Back  then, we returned milk bottles, soda bottles and beer bottles to the store. The store sent them back to the plant to be washed and sterilized and refilled, so it could use the same bottles over and over. So they really were recycled.

 But we didn't have the "green thing" back in our  day. 

 Grocery stores bagged our groceries in brown paper bags that we reused for numerous things. Most memorable besides household garbage bags  was the use of brown paper bags as book covers for our school books. This was to ensure that public property (the books provided for our use by the school) was  not defaced by our scribbling. Then we were able to personalize our books on the brown paper bags. But, too bad we  didn't do the "green thing" back then. 

We  walked up stairs because we didn't have an escalator in every store and office  building. We walked to the grocery store and didn't climb into a 300-horsepower machine every time  we had to go two blocks.

 But  she was right. We didn't have the "green thing" in our day.

 Back  then we washed the baby's diapers because we didn't have the throw -away kind. We  dried clothes on a line, not in an energy-gobbling machine burning up 220 volts. Wind and solar power really did dry our clothes back in our early days.  Kids got hand-me-down clothes from their brothers or sisters, not always  brand-new clothing. 

 But that young lady is right; we didn't have the "green thing" back in our day. 

 Back then we had one TV, or radio, in the house -- not a TV  in every room. And the TV had a small screen the size of a handkerchief(remember them?), not a screen the size of the state of Montana. In the kitchen we blended and  stirred by hand because we didn't have electric machines to do everything for us. When we packaged a fragile item to send in the mail, we used wadded up old newspapers to cushion it, not Styrofoam or plastic bubble wrap. Back then, we   didn't fire up an engine and burn gasoline just to cut the lawn. We used a push mower that ran on human power. We exercised by working so we didn't need to go to a health club to run on treadmills that operate on electricity.

 But she's right; we didn't have the "green thing" back then.

 We  drank from a fountain when we were thirsty instead of using a cup or a plastic   bottle every time we had a drink of water. We refilled writing pens with ink   instead of buying a new pen, and we replaced the razor blades in a razor  instead of throwing away the whole razor just because the blade got dull.
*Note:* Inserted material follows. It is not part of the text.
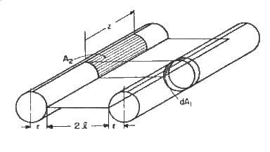 B-101: Differential ring on surface of right circular cylinder to finite area on surface of parallel cylinder of the same diameter. End of finite area is opposite the ring. Axes of cylinders are connected by thin plate of width 2l.

 But  we didn't have the "green thing" back then.

 Back  then, people took the streetcar or a bus and kids rode their bikes to school or  walked instead of turning their moms into a 24-hour taxi service in the family's $45,000 SUV or van, which cost what a whole house did before the "green thing." We had one electrical outlet in a room, not an entire  bank of sockets to power a dozen appliances. And we didn't need a computerized   gadget to receive a signal beamed from satellites 23,000 miles out in space in  order to find the nearest burger joint.

 But  isn't it sad the current generation laments how wasteful we old folks were just  because we didn't have the "green thing" back then?

Please  forward this on to another selfish old person who needs a lesson in  conservation from a smart alec young person.

 

We don't like being old in the first place, so it doesn't take much to make me angry .. especially from a tattooed, multiple pierced smartalex who can't make change without the cash register telling them how much.